Task statement:
Go through the data below and copy each line where the word "大學城籌劃及建設組" occurs.

(Source data)

· · · ·

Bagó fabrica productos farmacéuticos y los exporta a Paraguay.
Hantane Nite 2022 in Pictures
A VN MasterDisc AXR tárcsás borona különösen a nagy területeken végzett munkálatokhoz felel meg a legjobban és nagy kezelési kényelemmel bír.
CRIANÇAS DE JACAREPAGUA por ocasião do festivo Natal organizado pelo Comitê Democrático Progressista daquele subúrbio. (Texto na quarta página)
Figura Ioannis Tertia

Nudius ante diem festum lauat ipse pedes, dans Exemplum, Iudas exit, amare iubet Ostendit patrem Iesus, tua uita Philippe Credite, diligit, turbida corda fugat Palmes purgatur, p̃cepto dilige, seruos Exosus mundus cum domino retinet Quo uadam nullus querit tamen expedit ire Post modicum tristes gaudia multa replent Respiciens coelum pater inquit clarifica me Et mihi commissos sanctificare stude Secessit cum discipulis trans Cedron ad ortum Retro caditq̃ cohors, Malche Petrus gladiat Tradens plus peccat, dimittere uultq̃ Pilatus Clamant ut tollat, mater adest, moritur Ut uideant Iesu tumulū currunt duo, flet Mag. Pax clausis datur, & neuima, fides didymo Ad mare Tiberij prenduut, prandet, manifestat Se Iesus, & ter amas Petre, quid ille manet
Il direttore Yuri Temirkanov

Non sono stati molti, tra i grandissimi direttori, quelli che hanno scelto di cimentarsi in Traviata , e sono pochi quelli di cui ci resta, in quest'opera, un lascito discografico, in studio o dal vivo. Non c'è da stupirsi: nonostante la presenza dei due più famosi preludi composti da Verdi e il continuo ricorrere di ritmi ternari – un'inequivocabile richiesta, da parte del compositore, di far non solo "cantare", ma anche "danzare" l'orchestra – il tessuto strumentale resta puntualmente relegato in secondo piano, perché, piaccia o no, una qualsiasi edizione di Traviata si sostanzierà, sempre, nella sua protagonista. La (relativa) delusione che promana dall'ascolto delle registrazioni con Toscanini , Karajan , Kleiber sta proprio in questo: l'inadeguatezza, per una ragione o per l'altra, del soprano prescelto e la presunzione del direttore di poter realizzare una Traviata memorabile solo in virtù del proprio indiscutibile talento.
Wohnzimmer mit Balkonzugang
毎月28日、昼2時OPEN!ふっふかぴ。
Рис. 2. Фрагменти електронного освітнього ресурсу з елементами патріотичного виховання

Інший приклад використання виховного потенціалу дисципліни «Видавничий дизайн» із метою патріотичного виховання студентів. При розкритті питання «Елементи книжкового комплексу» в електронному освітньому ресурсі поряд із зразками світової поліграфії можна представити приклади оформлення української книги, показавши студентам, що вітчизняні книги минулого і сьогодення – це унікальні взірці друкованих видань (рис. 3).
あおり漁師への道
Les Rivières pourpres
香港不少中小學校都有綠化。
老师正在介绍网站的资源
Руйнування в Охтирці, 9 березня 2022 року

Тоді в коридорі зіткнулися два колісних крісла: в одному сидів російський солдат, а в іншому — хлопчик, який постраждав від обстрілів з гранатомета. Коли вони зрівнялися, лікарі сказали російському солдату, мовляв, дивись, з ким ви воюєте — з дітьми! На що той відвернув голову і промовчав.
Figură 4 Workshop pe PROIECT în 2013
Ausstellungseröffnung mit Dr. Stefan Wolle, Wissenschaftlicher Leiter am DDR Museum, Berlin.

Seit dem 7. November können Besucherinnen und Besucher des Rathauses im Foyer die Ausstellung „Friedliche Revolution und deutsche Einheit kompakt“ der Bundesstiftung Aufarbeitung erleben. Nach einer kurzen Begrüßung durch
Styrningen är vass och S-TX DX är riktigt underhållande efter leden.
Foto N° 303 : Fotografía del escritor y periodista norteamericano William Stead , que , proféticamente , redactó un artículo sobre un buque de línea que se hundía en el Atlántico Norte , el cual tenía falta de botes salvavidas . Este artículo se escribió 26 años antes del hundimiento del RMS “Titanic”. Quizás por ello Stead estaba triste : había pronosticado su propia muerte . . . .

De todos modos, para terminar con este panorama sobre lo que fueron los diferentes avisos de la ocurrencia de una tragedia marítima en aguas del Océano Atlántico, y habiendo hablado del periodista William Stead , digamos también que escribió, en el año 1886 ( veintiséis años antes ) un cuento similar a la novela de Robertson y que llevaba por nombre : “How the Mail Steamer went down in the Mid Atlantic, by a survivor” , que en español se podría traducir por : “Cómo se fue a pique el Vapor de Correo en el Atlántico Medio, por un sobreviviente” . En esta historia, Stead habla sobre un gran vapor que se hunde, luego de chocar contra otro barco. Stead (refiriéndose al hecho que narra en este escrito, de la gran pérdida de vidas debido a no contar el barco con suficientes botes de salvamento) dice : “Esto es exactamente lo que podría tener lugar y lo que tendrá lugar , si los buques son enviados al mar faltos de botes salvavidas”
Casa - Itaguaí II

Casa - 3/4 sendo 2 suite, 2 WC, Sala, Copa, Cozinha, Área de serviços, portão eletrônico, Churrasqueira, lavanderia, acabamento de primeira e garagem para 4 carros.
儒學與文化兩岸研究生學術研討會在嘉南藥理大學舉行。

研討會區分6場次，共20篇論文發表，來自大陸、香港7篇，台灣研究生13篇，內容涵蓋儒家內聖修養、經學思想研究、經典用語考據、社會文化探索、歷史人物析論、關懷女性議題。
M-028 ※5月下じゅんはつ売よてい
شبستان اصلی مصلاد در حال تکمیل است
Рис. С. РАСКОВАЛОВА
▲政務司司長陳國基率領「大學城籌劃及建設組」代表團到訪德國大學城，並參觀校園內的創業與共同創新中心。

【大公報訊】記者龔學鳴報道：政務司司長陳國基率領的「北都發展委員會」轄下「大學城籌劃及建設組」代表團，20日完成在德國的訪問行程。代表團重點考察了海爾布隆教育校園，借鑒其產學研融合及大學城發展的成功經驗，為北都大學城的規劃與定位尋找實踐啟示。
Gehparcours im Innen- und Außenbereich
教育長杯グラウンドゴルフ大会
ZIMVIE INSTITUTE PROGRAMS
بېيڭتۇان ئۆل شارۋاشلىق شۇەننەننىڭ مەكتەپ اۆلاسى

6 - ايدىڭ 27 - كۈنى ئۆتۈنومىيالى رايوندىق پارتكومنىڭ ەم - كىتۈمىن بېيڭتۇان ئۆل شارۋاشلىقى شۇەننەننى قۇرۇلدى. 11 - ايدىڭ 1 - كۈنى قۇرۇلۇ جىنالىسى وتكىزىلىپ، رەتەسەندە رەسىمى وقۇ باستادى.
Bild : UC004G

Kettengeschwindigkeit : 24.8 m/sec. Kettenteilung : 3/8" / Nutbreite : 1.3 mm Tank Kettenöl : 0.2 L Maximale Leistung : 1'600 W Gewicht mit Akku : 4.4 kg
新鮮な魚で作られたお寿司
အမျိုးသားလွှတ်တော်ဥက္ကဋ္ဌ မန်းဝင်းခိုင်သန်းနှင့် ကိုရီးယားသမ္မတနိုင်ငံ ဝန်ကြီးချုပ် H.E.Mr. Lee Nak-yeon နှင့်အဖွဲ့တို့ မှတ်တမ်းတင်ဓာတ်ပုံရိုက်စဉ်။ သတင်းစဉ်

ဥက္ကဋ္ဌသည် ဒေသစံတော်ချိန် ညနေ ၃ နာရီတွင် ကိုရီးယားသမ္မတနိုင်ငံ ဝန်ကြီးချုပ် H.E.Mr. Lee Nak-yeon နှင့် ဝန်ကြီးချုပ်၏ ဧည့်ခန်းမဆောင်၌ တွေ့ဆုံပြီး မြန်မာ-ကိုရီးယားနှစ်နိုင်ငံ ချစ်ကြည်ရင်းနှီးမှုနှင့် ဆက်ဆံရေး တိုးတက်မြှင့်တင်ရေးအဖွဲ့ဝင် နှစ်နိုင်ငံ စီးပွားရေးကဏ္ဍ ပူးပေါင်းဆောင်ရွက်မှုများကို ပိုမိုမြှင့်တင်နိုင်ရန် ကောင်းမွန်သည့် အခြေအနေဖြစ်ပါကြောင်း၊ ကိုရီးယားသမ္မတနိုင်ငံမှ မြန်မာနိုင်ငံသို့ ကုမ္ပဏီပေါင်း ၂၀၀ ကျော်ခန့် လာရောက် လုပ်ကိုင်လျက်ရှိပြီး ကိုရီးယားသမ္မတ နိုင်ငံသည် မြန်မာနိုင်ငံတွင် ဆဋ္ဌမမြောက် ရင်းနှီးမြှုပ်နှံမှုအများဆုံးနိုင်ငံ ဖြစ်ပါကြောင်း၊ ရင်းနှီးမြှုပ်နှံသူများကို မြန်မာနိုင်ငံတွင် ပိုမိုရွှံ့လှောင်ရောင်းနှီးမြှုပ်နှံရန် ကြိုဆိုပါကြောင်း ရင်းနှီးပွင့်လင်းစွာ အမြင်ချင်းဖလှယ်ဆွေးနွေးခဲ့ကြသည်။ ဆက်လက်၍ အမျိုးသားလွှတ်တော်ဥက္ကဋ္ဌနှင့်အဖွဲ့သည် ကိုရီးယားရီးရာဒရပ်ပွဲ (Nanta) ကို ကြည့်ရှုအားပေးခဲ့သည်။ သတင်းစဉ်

· · · ·

Solution:
▲政務司司長陳國基率領「大學城籌劃及建設組」代表團到訪德國大學城，並參觀校園內的創業與共同創新中心。
【大公報訊】記者龔學鳴報道：政務司司長陳國基率領的「北都發展委員會」轄下「大學城籌劃及建設組」代表團，20日完成在德國的訪問行程。代表團重點考察了海爾布隆教育校園，借鑒其產學研融合及大學城發展的成功經驗，為北都大學城的規劃與定位尋找實踐啟示。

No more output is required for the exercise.